List Building Quick Tip For Design

Here is my typical flow for beginning email marketers.

  • Entice visitors to download irresistible offer.
  • Send them a customized 10 part email sequence giving them a ton more information.
  • Let them know during the last few emails you will be adding them to your weekly email blast.
  • Make sure they are added to your weekly email blast and continue to hear from you at least once a week.

3. Measure

In my past gardening failures, my main problem has been over watering.  I mean, after you are all done planting, there isn’t much to do in the garden but water, right?  Come to find out, there is such a thing as too much water, so this time I decided to go in scientifically and purchase a moisture meter.  I stick this bad boy into my soil and it tells me if my veggies need watering or not.  With this kind of scientific data, there will be no cases of drowning or dehydrating plants in my veggie garden.

List building requires tracking of a lot of data.  Lucky for those of us who aren’t into maintaining complex Excel spreadsheets, a great deal of today’s inexpensive and free tools will let us know important stats on our list building techniques.  These stats allow us to test different theory’s and try to improve.

Growing an Email List – Quick Tip For Measuring

For clients who are just starting, I highly recommend MailChimp as the backbone for growing an email list.  MailChimp will give you so many stats on who is opening your emails and how they performed.   The other critical piece is getting people on your list and making sure you are doing that in the most efficient way.  Pop-ups are critical and there are several pieces of software that can help you with that.

  • Free for WP users: SumoME
  • Great Popup software for non WP users who are growing an email list: Optin Monster
  • The best pop-up lead gen software of them all: ThriveThemes

4. Patience

You knew patience was going to make the list didn’t you?  In all the gardening metaphors you have read, patience is number one.  You aren’t going to be enjoying fresh vegetables right after you plant your garden.

The same goes for growing an email list, and I am constantly having to remind my clients of this.  You aren’t going to see returns on list building and email marketing in a month or two, and maybe longer.  But if you’re consistent and continue providing great content, emailing and building your list, in the future you will have an unbelievable asset.

5. Persistence

Along with patience, you aren’t going to have a good garden unless you are willing to keep up all of this maintenance and nurturing for the long haul.  If you let other things in your life pull you away from your project, then the next time you go to your garden, you’ll be met with a box full of weeds and withered potential.

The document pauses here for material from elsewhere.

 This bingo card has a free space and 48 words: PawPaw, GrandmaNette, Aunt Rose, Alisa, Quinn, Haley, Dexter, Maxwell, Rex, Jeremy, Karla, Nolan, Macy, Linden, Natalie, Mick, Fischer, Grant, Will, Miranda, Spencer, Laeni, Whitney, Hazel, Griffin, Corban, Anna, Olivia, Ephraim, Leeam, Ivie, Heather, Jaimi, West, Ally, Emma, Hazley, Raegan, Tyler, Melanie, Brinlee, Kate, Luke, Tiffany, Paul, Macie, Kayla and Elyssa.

My email list was a thing of beauty, a lush garden from which I knew my business would always be fed with new clients.  Well, four months ago, my husband and I got pregnant with our third child, the holidays rolled around, and it became hard to focus on nurturing an email list that was flourishing on its own.  And so, as my focus shifted and my email list sat.  Now I’m in for a long few months of nurturing and weeding to get my list up to what it was before.  Thankfully, my email list was nurtured for a long time, and has continued to provide, but had things been different, my company might be starving as I rushed to reinvigorate my list!

6. Clean Up

Finally, gardening isn’t all about pretty veggies and beautiful top soil.  All gardens will have their fair share of weeds, insects and dead veggies.  These items aren’t pleasant to deal with, but in order to have a flourishing garden, these unpleasantries must be addressed!

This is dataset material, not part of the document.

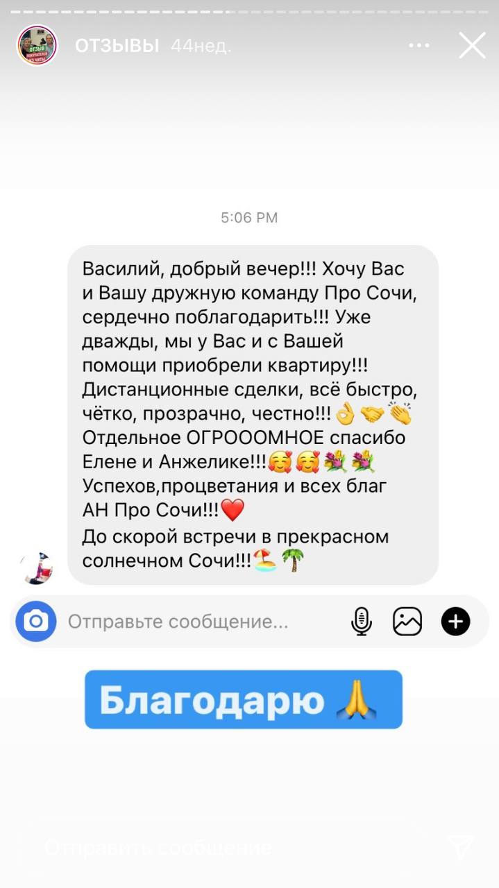 Приветствую! Меня зовут Василий Попов, я основатель агентства недвижимости ProSochi. На сегодняшний день нами успешно реализовано более 250 сделок. Будучи партнёрами ведущих застройщиков Сочи, мы помогаем нашим клиентам - инвесторам зарабатывать от 30 до 70% годовых на строящейся недвижимости.

When you are email marketing and growing an email list, you will have your fair share of subscribers that aren’t engaged but are taking up space in your garden.  You want your list full of engaged subscribers, so you need to clear your list of the “weeds” often.  I recommend going through your list and clearing out those that aren’t opening your emails at least once every six months.  Yes, it’s painful to delete email subscribers and see your email list go down, but just know your open rate will improve and your list will produce a more bountiful harvest.